You don't even believe it's acceptable for someone to suggest or discuss the possibility that peripheral vision might be important rather than rendering useless pixels in the sky that can't be seen.
It's a pretty pointless discussion and I'm out of here before you wind me up too much.
Calm down, the market will do the judging. And as I said in the early beginning, this whole market is way too hyped. People owning these toys already thrown it in the corner and it's eating dust now. It will kick off at some point, but not -now-. It needs another generation or two.
That was exactly my point from the beginning - there is no point discussing how bad pheripheral vision of Rift CV1 is and how it could have been avoided, if non of us actually tried it and can tell if pheripheral vision is good or bad on it.
Dave, do you really think we are anywhere near even close to the trigger in VR? I'd say we have a way to go.
My opinion is this is the start, beginning this year. The advances will be huge and having experiences, gaming, movies on a 2d screen will seem completely boring in a few years.
I really think anyone who thinks we are at the stage of disillusionment is seriously not thinking of where we will be in 5 to 10 years time with this tech.
I am not throwing a GTX9xx (latest Nvidia videocard range for people who don't know it) at it to begin with. I think this will be the biggest disappointment for people. You can buy a VR device but with only buying such a thing you are not done. I think some hardware developer need to think of something to better support this VR experience. Thinking about special hardware routines like you have now for video encoding/decoding. At this stage its unsaleable to the big public because people don't have the computer system power to make it happen.
Thats exactly what I am thinking every time a new Iphone hits the streets and I see almost people fighting for that overpriced nonsense.
And yet our stereoscopic view is higher vertically (eyes fixed forward), the wider horizontal view is largely monoscopic. Of course when you detect something in your peripheral view you tend to turn in towards it and if the horizontal view is limited you can feel constrained. I guess it would be really hard optically to make a setup that would allow you to rotate your eyes to the extremes and still not be restricted.
The whole thing is to see in "3D" and maybe they are optimizing for that. It's still going to be a bag of compromises.
Vive uses circular lenses while the ones on the Rift (Crescent Bay) look more like those of that Weareality 150 degree headset. So they may be stretching the image a bit horizontaly and squeezing it verticaly.
Every pixel you put in your periheral vison is one pixel less in the center of the screen - and that's where you will be looking most of the time.
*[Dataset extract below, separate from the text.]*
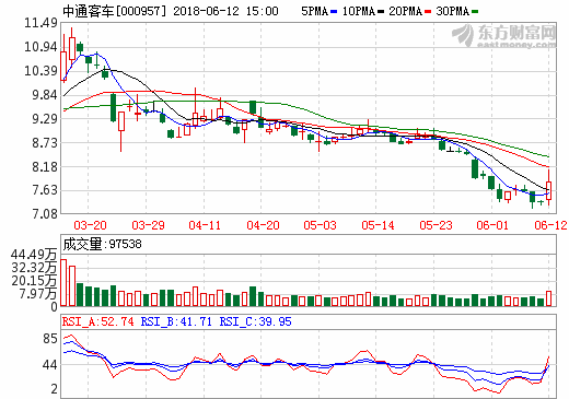 12日新能源汽車概念股盤后統計 中通客車漲幅6.11%

We use our peripheral mostly for awarnes of our surroundings and when you see something interesting going on in your peripheral you just turn your head this way to inspect it and look at it directly. Try moving your eyes to the left as far as you can for awhile - within seconds you will start feeling discomfort and strain in your eye muscles, so most of the time we turn our head istead of our eyes to see something in our far peripheral. 2160x1200 is not much to play with - if you make the FOV very high and your peripheral vision very sharp, you will have a blury image in the center, you won't be able to read text, see in the distance and so on.
In the future when we'll have 4k+ resolution headsets it will be much easier to add some extra FOV without notably sacrificing overal image quality. Eye tracking will alow to render more pixels in the direcion your eyes are currently looking using foveated rendering - this will also reduce the load on your GPU by eliminating the need of rendering pointles pixels in the direction where you aren't looking anyway.